> _TASK DETAILS_: Transcribe exactly the lines from the one holding "Red electrocardiogram heartbeat" through the closing line of the entries below. Pictures stay out of the copy.
BEGIN
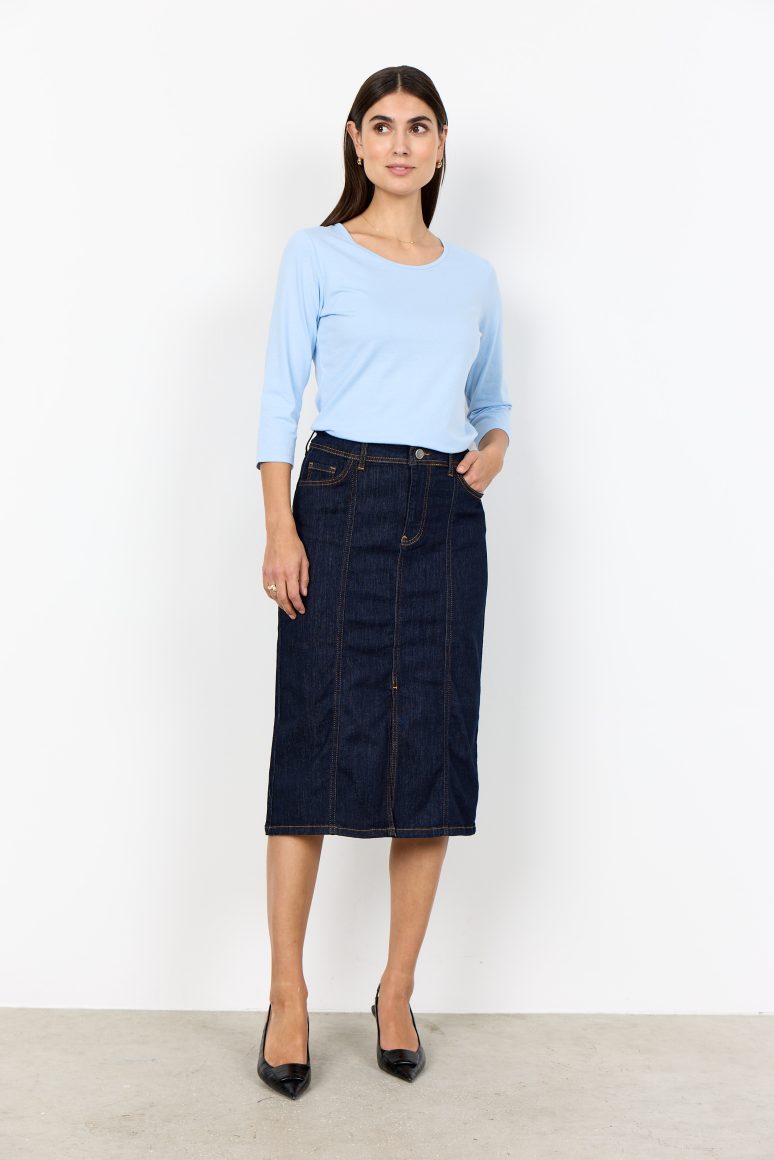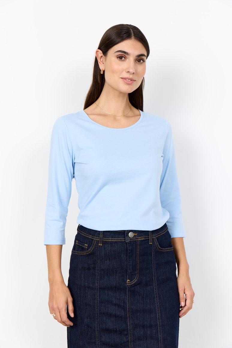 Het Pylle 32 top van SoyaConcept is een basic T-shirt van elastisch materiaal, waardoor het zeer comfortabel is. Het T-shirt heeft een eenvoudig ontwerp en is daarom een onmisbaar item in elke basisgarderobe. Het kan gecombineerd worden met een gebreide trui en een jeans.
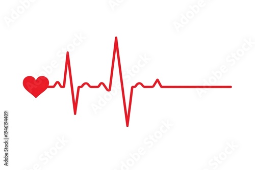 Red electrocardiogram heartbeat with a heart line pulse cardiology health medicine heart rhythm cardiac symbol minimalist illustration vital sign monitoring rhythm of life
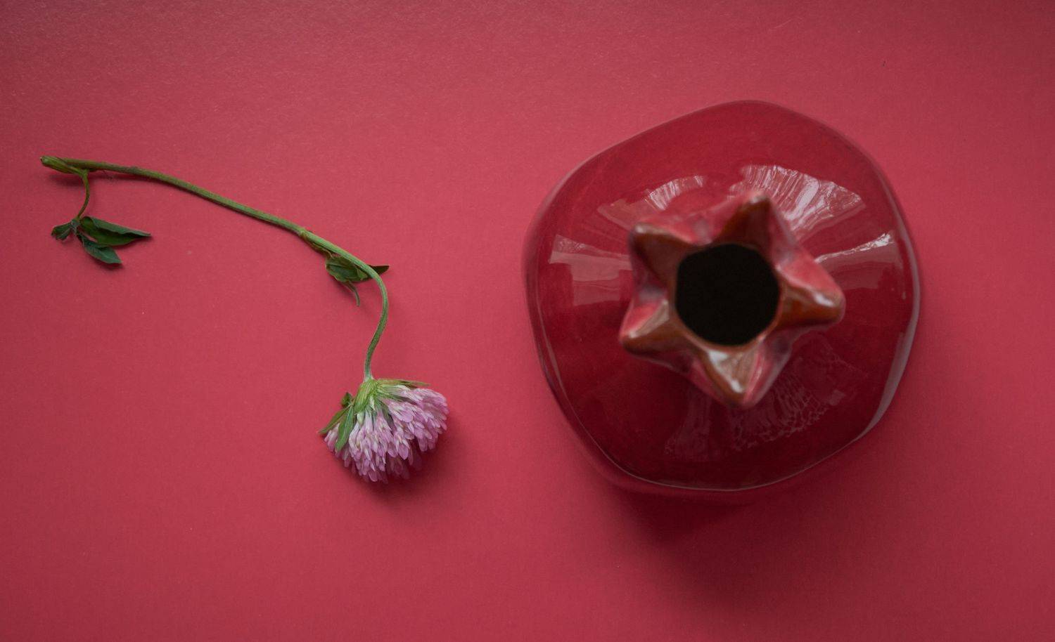 clover and red vase on the red background
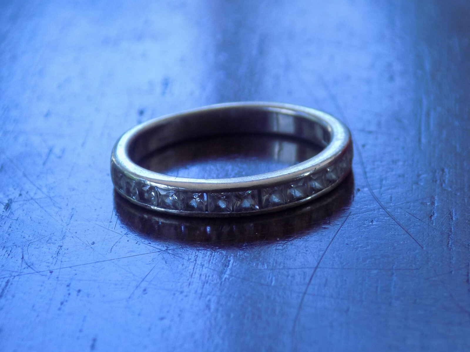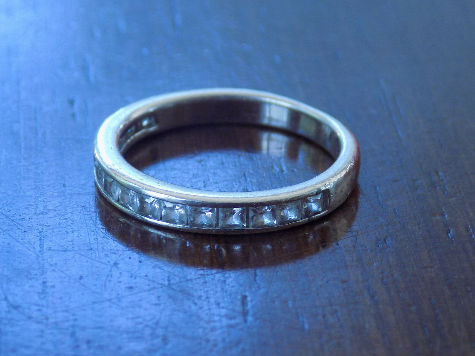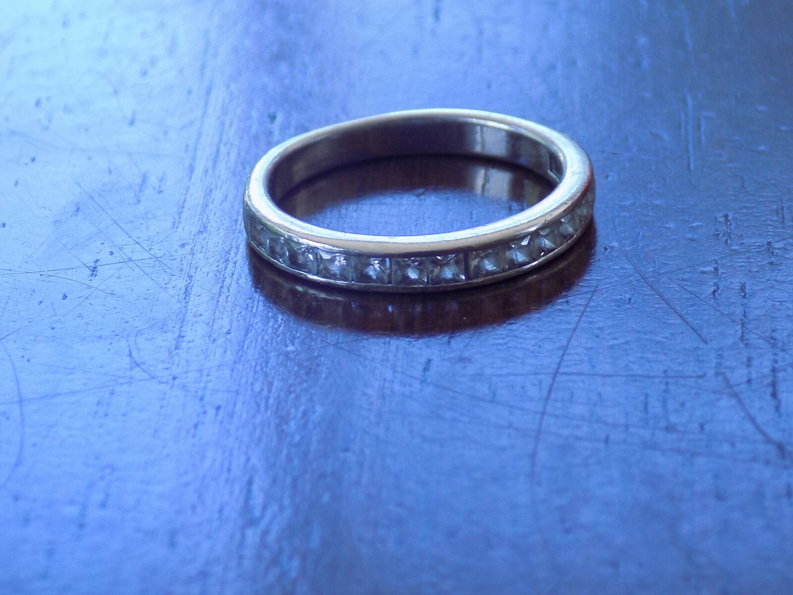 как выглядит Size 7, silver tone eternity band with clear cz around front center 194 фото
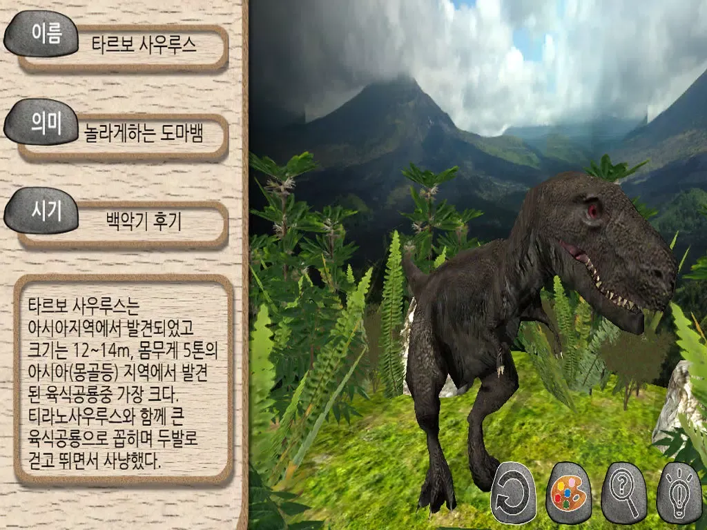 - 3D 가상체험과 함께 반복적인 학습효과를 위하여 공룡이름, 공룡 별명, 공룡이 살았던 시기등을 반복하여 볼 수 있으며, 현미경 버튼을 누르시면 공룡들의 주요 특징등 각 공룡들의 자세한 정보가 설명되어 있습니다.
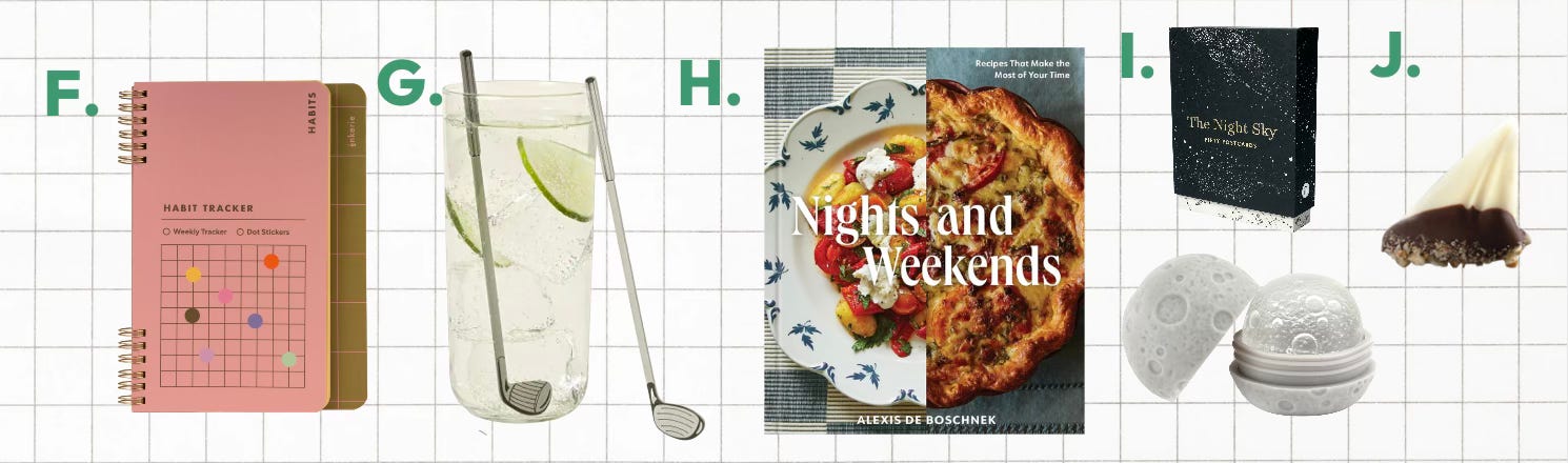 I. These Night Sky postcards are an easy hostess gift, and this Moon Ice Mold would delight my 7-year-old, who is in a big experimental stage where I am constantly finding different items being frozen in our freezer!
END
> _SOLVED PROBLEM_:
 Red electrocardiogram heartbeat with a heart line pulse cardiology health medicine heart rhythm cardiac symbol minimalist illustration vital sign monitoring rhythm of life
 clover and red vase on the red background
 как выглядит Size 7, silver tone eternity band with clear cz around front center 194 фото
 - 3D 가상체험과 함께 반복적인 학습효과를 위하여 공룡이름, 공룡 별명, 공룡이 살았던 시기등을 반복하여 볼 수 있으며, 현미경 버튼을 누르시면 공룡들의 주요 특징등 각 공룡들의 자세한 정보가 설명되어 있습니다.
 I. These Night Sky postcards are an easy hostess gift, and this Moon Ice Mold would delight my 7-year-old, who is in a big experimental stage where I am constantly finding different items being frozen in our freezer!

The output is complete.